Born in 1885 in Redfern, Stace’s childhood and much of his adulthood was marked by abject poverty. His parents were alcoholics, and his sisters ran a brothel. In order to survive, he resorted to stealing bread and milk and searching for scraps of food in bins. At the age of 12, Stace became a ward of the state and for worked briefly in a coal mine. As a teenager, he became an alcoholic and was subsequently sent to jail at 15 for drunkenness. His twenties were spent running liquor between pubs and brothels, and working as a lookout for gambling dens. During the First World War, Stace found work as a laborer with the Australian Imperial Force, but his recurring bouts of bronchitis and pleurisy led him to be discharged.

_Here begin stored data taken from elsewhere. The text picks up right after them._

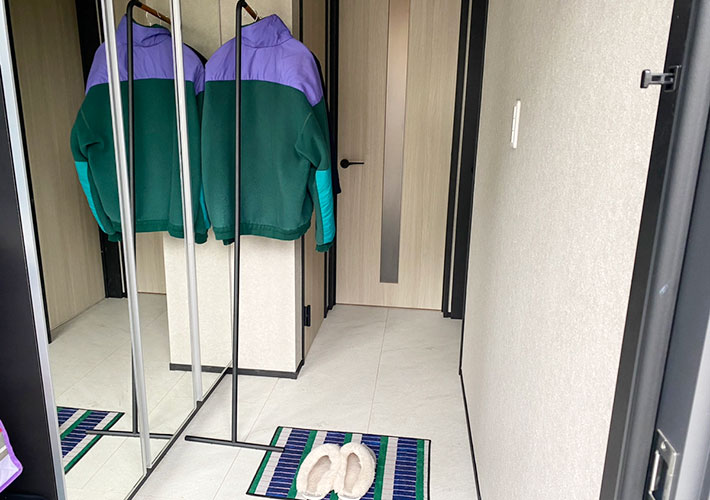 ・玄関に設置しています。軽いけど倒れることもなく、スタイリッシュなデザインで圧迫感がないところがお気に入り。
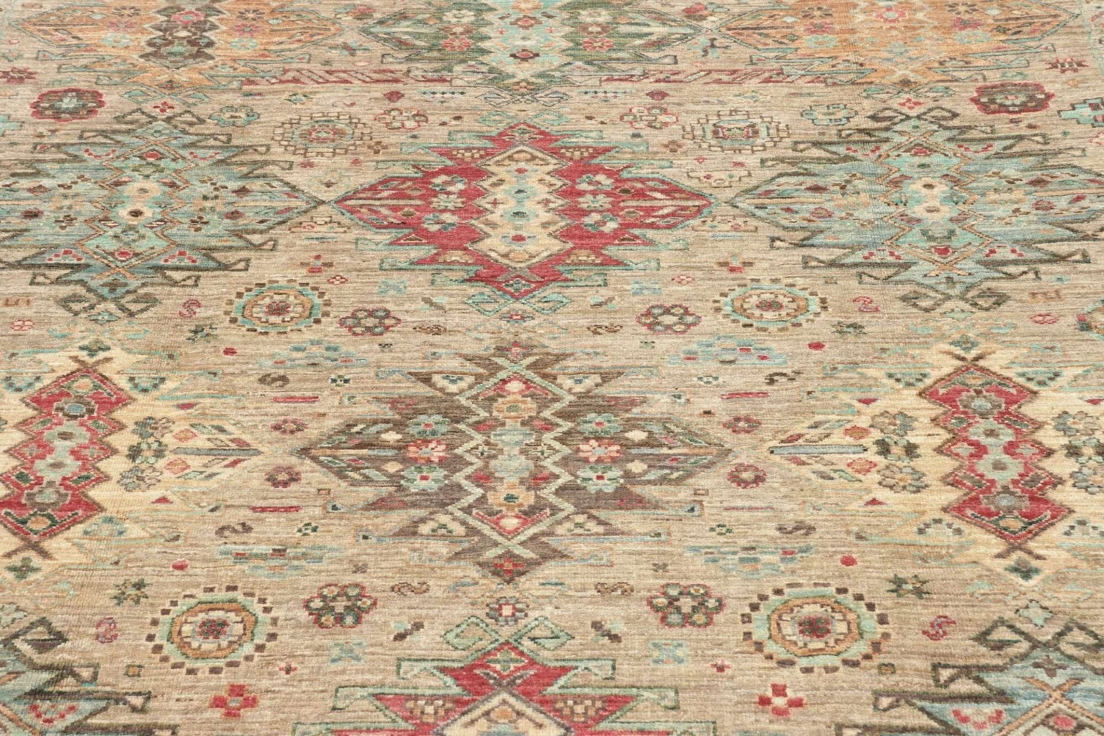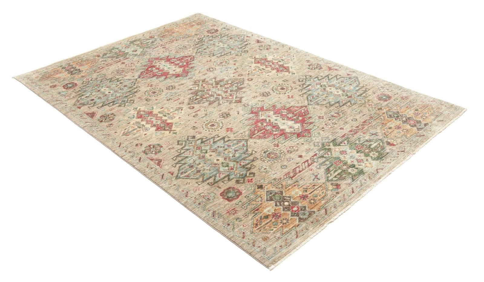 Der Samarkand Orientteppich ist nicht nur ein praktischer Bodenbelag, sondern auch ein Kunstwerk für sich. Er überzeugt durch seine leuchtenden, bunten Farben und ein ansprechendes Muster, das einen harmonischen Gesamteindruck vermittelt. Typisch für die Teppiche aus dieser Region sind florale und geometrische Designs, die oft symbolische Bedeutungen tragen. Die verschiedenen Farbtöne sind nicht zufällig gewählt, sondern oft eine Hommage an die Natur und die Umgebung von Samarkand. In Kombination mit der hochwertigen Wolle und der traditionellen Knotentechnik entsteht ein Teppich, der sowohl modern als auch zeitlos ist und sich harmonisch in jede Einrichtung einfügt.
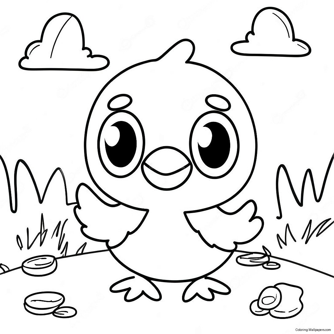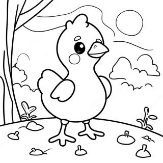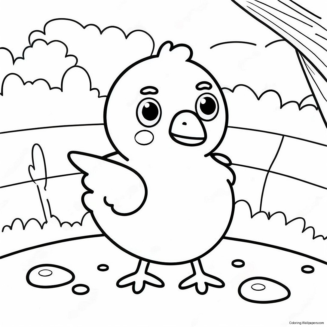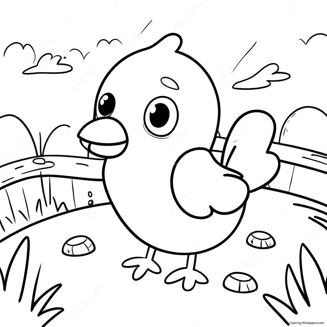 In this delightful illustration, Chicky is tucked away in a whimsical backdrop that includes enchanting elements such as blooming flowers, towering trees, and perhaps even a cozy farmhouse. The vibrant landscape not only invites vivid color choices but also encourages artists to think critically about their color palettes. Will you opt for warm yellows and oranges, or perhaps delve into the realm of pastels for a gentle aesthetic? The decision is yours!

Stace finally found his calling in November 1932, when he went to listen to a Baptist preacher named John Ridley give sermon. In a homily titled "Echoes of Eternity", Ridley declared: "Eternity, Eternity, I wish that I could sound or shout that word to everyone in the streets of Sydney. You've got to meet it, where will you spend Eternity?". The words so captivated Stace that at that very moment, Stace pulled a piece of chalk he had in his pocket, bent down and wrote the word “ETERNITY” on the church floor.

Even though he was illiterate and could hardly write his own name Arthur, legibly, the word 'Eternity' came out smoothly, in a beautiful copperplate script. “I couldn't understand it, and I still can't,” he later told in an interview.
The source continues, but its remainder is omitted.